Saffron Trust gives single mothers and their children the opportunity to experience the best.

By Cy White, Photo courtesy of Phyllis Everette

Beggars can’t be choosers. Or so the phrase goes. However, to Phyllis Everette, founder of Saffron Trust Women’s Foundation, choice isn’t a privilege set aside for a select few. Those who are most underserved have every right to luxuries society’s elite only deigns to have. Black mothers in particular, who face the unique circumstance of alarmingly high mortality rates during and post childbirth, should never have to beg for the right to live comfortably.

Like many single mothers of color, heartbreak marred Everette’s life. “I raised three children single-handedly, no fathers around,” she says. “My oldest child, my son, his father left when he was a year old. Then seven years later, I got married and the guy I married was abusive. I left him after my daughter was a week old.”

These experiences informed Everette’s life of service. She has a deep history of nonprofit work. Including helping women in the Congo, Kosovo, Nigeria and Afghanistan through Women for Women International. When the New Jersey native eventually settled in Austin in 2016, she had no real understanding of the landscape of the area as far as nonprofits specific to Black and brown women and mothers.

“I have to do something.”

“I came here to work for Dell,” she says. “Worked there for two years. A friend of mine who knew me from New Jersey and knew all the work I did introduced me to a nonprofit organization here in Austin that was a women’s health care organization. I became a program director for that organization…and had to learn everything there was about women’s health care. The first thing I stumbled upon was maternal mortality numbers in Austin. The amount of Black and brown women that were dying during childbirth.”

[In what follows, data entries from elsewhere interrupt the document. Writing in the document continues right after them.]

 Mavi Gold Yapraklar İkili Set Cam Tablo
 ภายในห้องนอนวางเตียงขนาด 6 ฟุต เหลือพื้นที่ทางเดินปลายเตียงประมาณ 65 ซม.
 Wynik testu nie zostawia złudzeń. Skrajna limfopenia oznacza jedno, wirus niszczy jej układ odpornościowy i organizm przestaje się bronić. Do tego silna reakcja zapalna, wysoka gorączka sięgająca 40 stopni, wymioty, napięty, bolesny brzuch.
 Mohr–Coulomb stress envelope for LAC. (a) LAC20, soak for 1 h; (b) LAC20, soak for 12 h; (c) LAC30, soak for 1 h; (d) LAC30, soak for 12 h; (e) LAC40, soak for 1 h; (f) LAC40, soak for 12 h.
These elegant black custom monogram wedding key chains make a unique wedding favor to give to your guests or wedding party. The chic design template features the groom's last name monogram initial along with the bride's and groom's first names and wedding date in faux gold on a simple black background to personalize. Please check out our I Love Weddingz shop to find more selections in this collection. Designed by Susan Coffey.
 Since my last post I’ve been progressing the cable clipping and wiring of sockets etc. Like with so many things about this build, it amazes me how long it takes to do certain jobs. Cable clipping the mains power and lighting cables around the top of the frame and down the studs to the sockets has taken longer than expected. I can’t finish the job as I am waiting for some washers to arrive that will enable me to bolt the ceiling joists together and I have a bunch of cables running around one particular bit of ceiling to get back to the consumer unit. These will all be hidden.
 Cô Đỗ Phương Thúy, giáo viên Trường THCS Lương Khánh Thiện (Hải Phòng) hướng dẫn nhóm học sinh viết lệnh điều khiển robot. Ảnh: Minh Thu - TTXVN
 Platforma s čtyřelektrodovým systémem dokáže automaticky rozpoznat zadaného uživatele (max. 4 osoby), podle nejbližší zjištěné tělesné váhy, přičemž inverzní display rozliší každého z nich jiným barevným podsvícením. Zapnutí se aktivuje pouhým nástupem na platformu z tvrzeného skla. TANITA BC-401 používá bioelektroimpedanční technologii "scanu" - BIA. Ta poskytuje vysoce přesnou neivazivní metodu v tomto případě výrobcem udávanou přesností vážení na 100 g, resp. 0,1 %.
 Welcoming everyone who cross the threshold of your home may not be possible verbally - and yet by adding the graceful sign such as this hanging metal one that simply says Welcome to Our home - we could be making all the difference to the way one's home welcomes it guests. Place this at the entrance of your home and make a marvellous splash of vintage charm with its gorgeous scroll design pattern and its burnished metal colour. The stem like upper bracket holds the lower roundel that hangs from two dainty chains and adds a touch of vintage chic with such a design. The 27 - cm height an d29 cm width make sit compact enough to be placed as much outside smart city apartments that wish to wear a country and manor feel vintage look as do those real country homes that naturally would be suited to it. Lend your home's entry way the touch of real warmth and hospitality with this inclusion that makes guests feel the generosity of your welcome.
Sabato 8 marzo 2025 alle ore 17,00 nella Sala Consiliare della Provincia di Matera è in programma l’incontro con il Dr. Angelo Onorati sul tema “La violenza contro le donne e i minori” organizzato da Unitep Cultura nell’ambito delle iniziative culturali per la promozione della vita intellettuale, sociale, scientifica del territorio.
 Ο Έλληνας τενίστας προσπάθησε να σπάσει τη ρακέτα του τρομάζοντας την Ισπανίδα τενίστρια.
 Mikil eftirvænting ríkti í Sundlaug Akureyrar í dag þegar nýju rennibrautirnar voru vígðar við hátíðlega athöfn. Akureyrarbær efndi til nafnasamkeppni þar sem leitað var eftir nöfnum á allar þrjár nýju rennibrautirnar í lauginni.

The lack of real attention to single mothers of underserved communities raised serious alarm bells for Everette. “I could not sleep,” she says. “Read every article. I could not understand how the mortality numbers could be so high in a state that everybody says is the best place to live. I was like, ‘Oh my god, I have to do something.’”

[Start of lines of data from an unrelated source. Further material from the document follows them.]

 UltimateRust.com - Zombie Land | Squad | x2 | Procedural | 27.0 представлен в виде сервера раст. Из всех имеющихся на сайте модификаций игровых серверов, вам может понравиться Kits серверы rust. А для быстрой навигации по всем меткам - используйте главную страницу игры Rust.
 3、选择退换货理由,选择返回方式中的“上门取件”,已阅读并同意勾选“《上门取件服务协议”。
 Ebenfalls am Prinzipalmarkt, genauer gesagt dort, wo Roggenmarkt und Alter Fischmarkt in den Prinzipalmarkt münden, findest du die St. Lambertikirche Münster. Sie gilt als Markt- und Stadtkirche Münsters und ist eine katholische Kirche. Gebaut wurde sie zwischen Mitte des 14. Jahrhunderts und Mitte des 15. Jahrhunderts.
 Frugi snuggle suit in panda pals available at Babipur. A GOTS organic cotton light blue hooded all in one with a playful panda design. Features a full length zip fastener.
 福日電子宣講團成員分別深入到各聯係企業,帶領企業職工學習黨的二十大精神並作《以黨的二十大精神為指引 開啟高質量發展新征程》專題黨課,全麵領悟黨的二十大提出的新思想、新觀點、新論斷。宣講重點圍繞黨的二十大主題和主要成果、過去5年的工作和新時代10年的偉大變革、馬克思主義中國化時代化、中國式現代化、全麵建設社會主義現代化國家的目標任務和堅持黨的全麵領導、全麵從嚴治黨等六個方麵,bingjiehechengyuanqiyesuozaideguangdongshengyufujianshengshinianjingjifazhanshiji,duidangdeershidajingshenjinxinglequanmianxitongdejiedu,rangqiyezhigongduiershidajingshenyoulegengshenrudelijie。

Thus in 2018 she opened Saffron Trust Women’s Foundation (a take on her pseudonym from her time writing for the Grit and Grace Project). Where Saffron Trust differs from most organizations is in how it addresses very real emotional, mental and physical strain. Known as the allostatic load, it’s a perpetual wear and tear on the body unique to Black women from an internalized and historical PTSD. The deaths of George Floyd and Breonna Taylor, the constant worry that when a loved one walks, jogs or drives somewhere they won’t come back. For Black women in the U.S., this is real trauma that never really dissipates. It’s this trauma Everette has tasked herself to not only address, but remedy.

A Chance for More

“Saffron Trust looks to reduce and create positive health outcomes in women of color,” she says. “We start with my signature platform: Trendsetting the Table. I partner with five-star restaurants throughout Austin that open up their doors and feed women nutritional, healthy food that they prepare,” she continues. “It creates nutritional impact, community and a new beginning for women. That one event starts the wrap-around services and the resources we offer.”

Everything from diapers, to sanitary products, to partnerships with the Austin Ballet—“So every Black woman who wants their children to experience the arts can have a chance.” Everette is dedicated to giving Black mothers the resources they need to ensure their families live comfortable, enriching lives.

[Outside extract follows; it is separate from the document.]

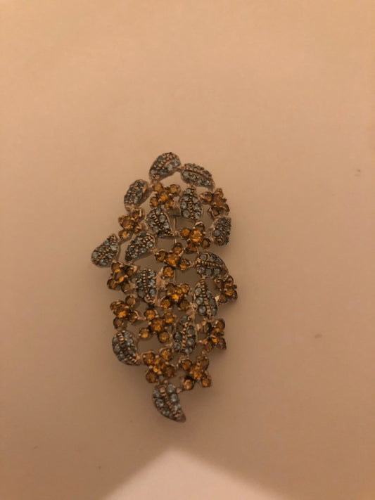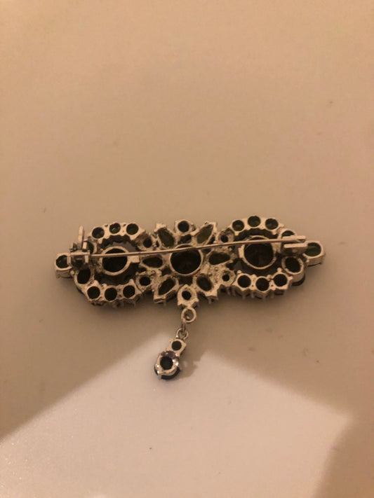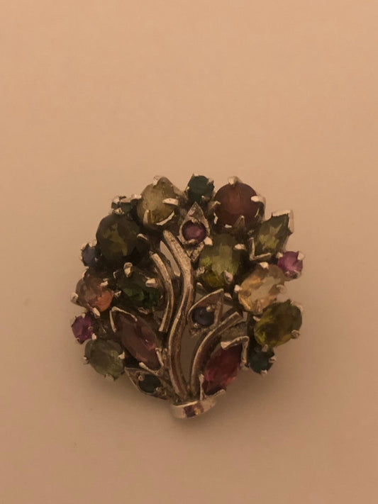 Vintage Genuine Mixed Gemstone 925 Sterling Silver Rhodium Brooch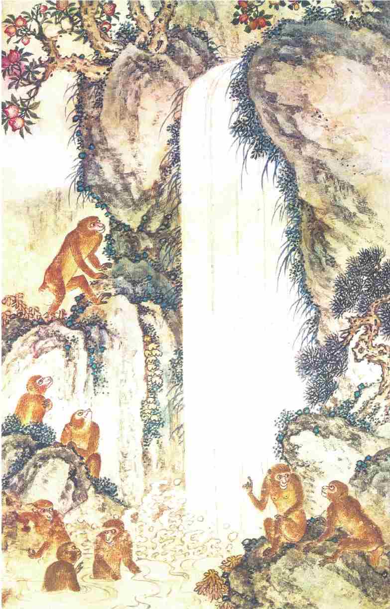 一群猴子耍了一会,却去那山涧中洗澡。见那股涧水奔流,真个似滚瓜涌溅。古云:“禽有禽言,兽有兽语。”众猴都道:“这股水不知是那里的水。我们今日赶闲无事,顺涧边往上溜头寻看源流,耍子去耶!”喊一声,都拖男挈女,呼弟呼兄,一齐跑来,顺涧爬山,直至源流之处,乃是一股瀑布飞泉。但见那:

“People only think a woman needs help with her electric bill or her rent. But there’s a whole donut hole that people are not even looking at. Sanitary products aren’t even part of the anti-poverty program.”

A chance conversation with a friend of hers who worked for New Entry, a drug treatment and rehabilitation program that provides affordable residential options for those recovering, gave her another avenue to explore.

“When I think about my struggle and the tears and the nights that I cried on my pillow,” she says, “I know what it means to get into bed on a cheap mattress or an air mattress and just wrap myself up in 600- to 800-thread count sheets, knowing that my children had a good night’s sleep. I went straight to five-star hotels and said, ‘I need your bedding, don’t throw it away.’ Within a week, I was able to supply that program with enough linen for women to sleep on for the next two years.”

The Love of a Mother

Saffron Trust Women’s Foundation is predicated on the notion that Black single mothers shouldn’t have to choose between healthy meals and the dregs deposited in the various food deserts and swamps peppering lower-income neighborhoods in Austin. Or sacrifice a good night’s rest for their children because they’re not given equitable resources.

All of this work stems from the love a mother has for her children. “My children became my biggest heroes. They planted seeds in me to be a better woman. There’s nothing I wouldn’t do for the three of them. It was the community, the advocacy and the resources that were available that helped propel them to be such leaders.”

Phyliss Everette passes these on to other Black single mothers in Austin.